(DATA SHOWN)
◆ ◆ ◆

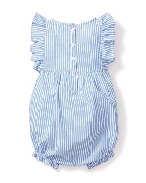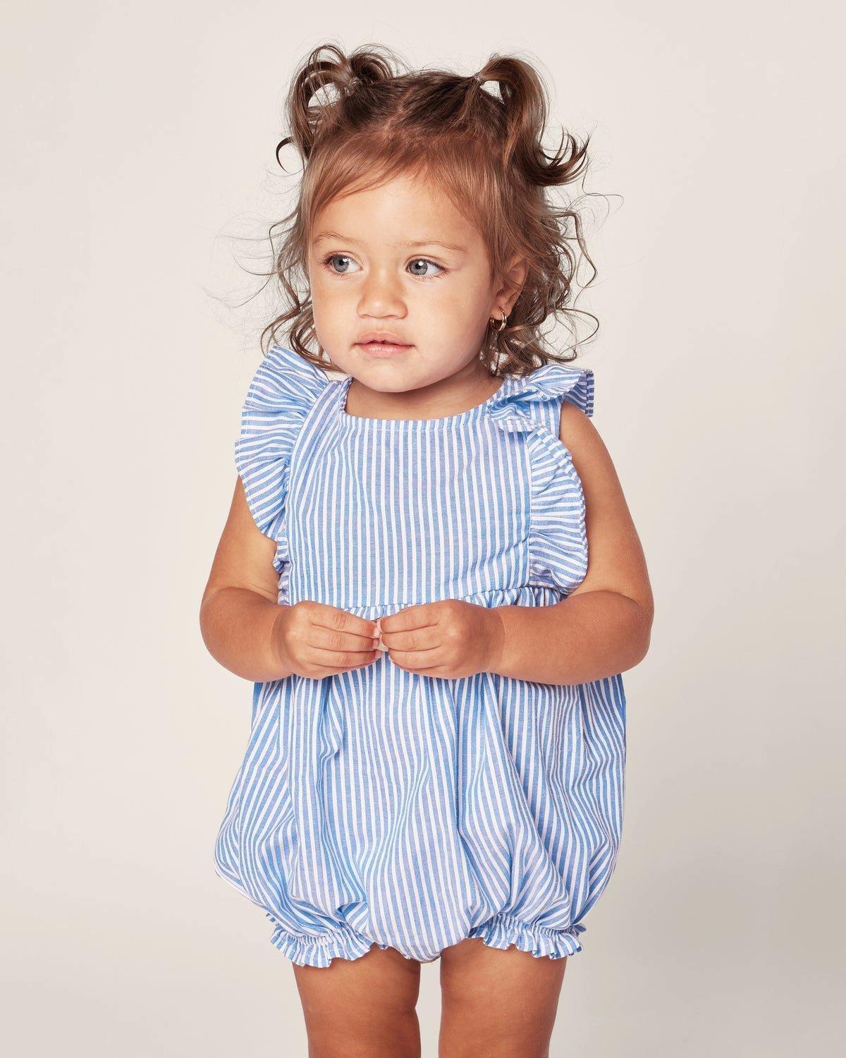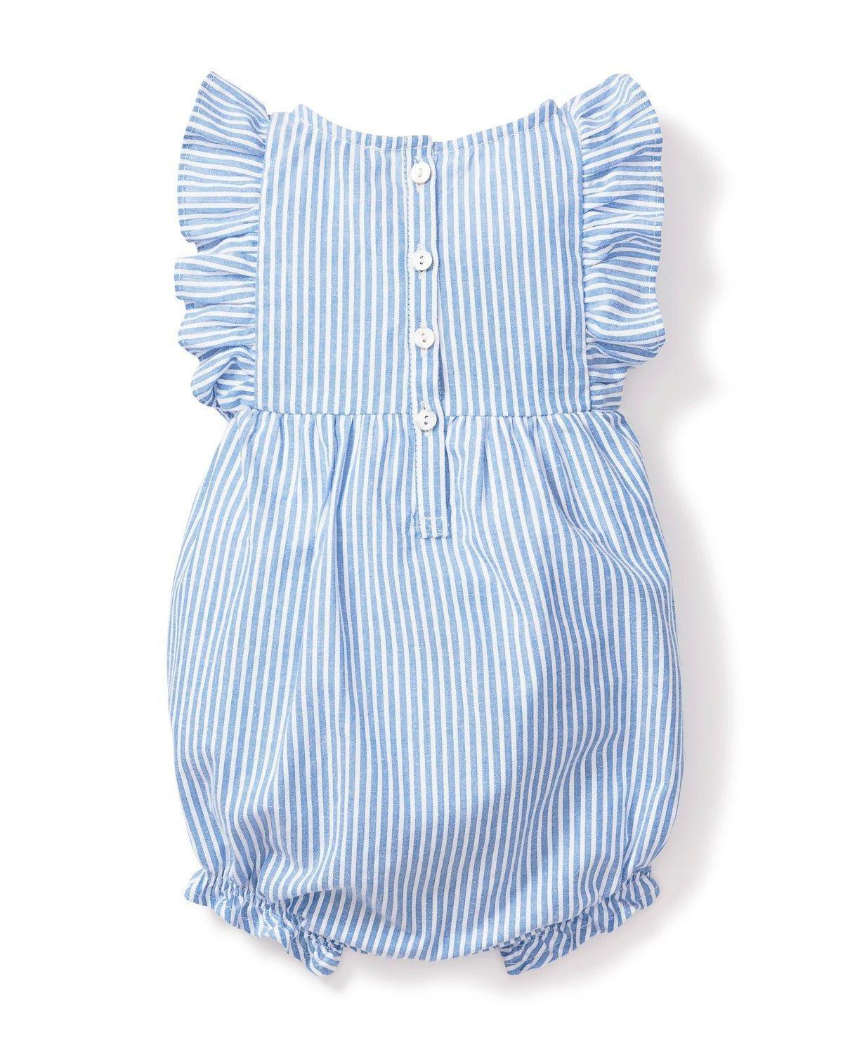 • Baby's Twill Ruffled Romper in French Blue Seersucker
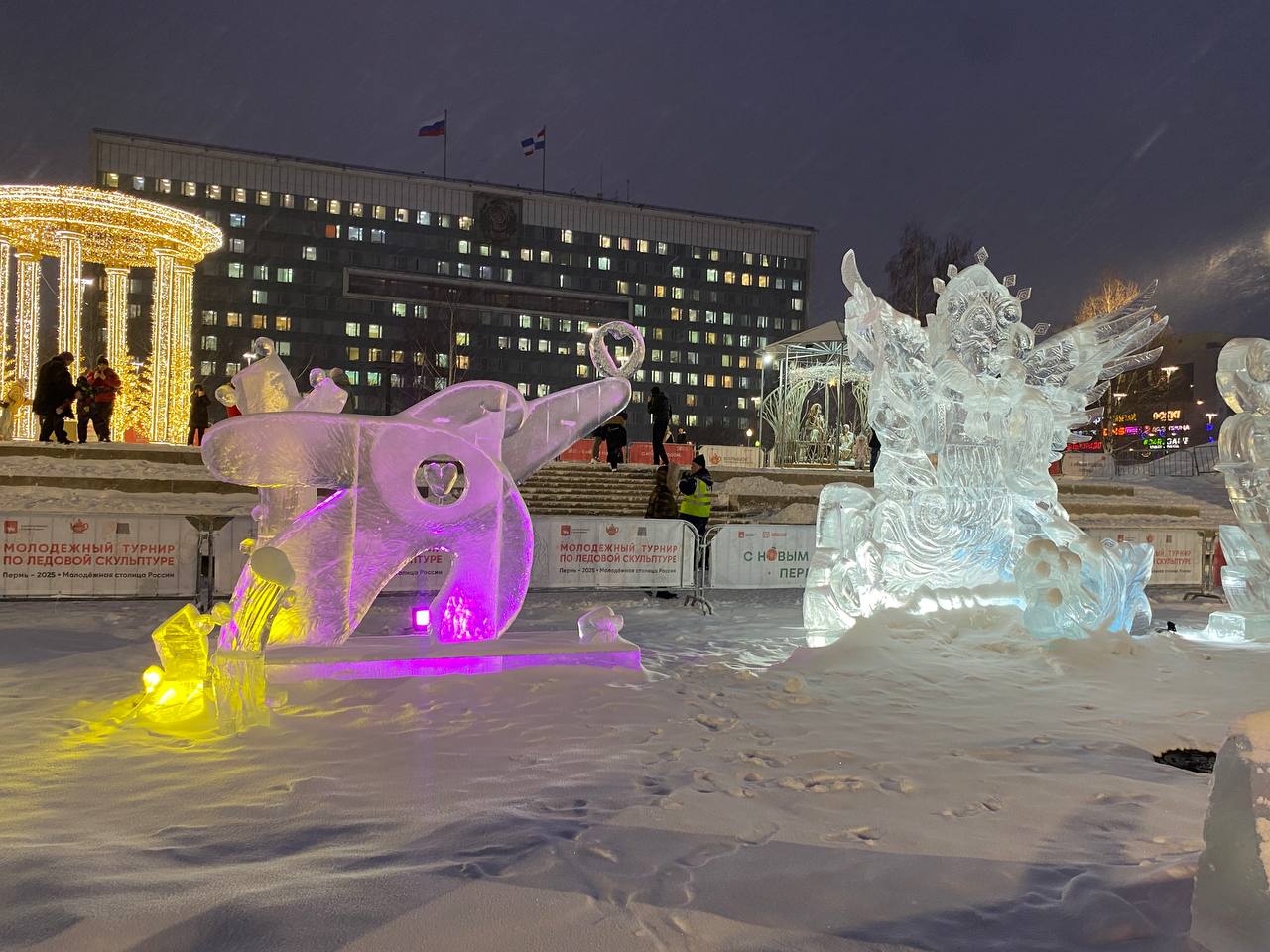В Перми подвели итоги четырёхдневного турнира среди молодых скульпторов. Они создавали на эспланаде фигуры из льда. В соревнованиях приняли участие представители регионов России и Беларуси. Событие стало первым после объявления Перми молодёжной столицей страны на 2025 год.
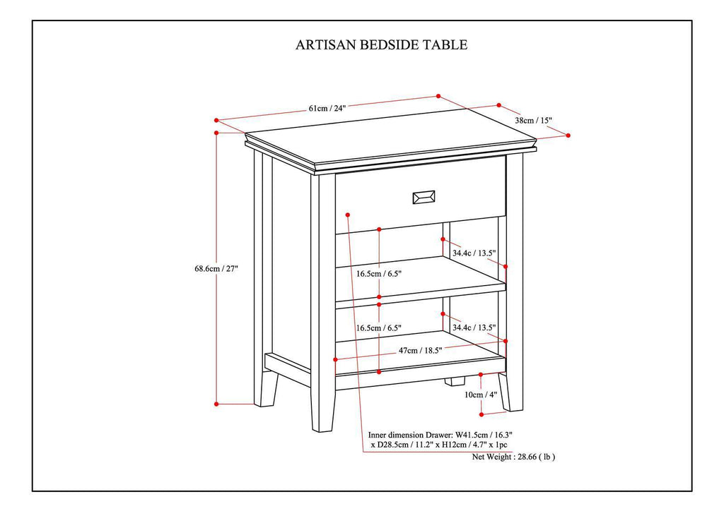 - Features one (1) spacious drawer with sturdy ball-bearing metal drawer glides for smoother drawer movement and an open bottom storage area with one (1) shelf

◆ ◆ ◆

(ACTION ITEM)
Pictures stay out; print everything else in the data exactly.

(PROBLEM SOLUTION)
 • Baby's Twill Ruffled Romper in French Blue Seersucker
В Перми подвели итоги четырёхдневного турнира среди молодых скульпторов. Они создавали на эспланаде фигуры из льда. В соревнованиях приняли участие представители регионов России и Беларуси. Событие стало первым после объявления Перми молодёжной столицей страны на 2025 год.
 - Features one (1) spacious drawer with sturdy ball-bearing metal drawer glides for smoother drawer movement and an open bottom storage area with one (1) shelf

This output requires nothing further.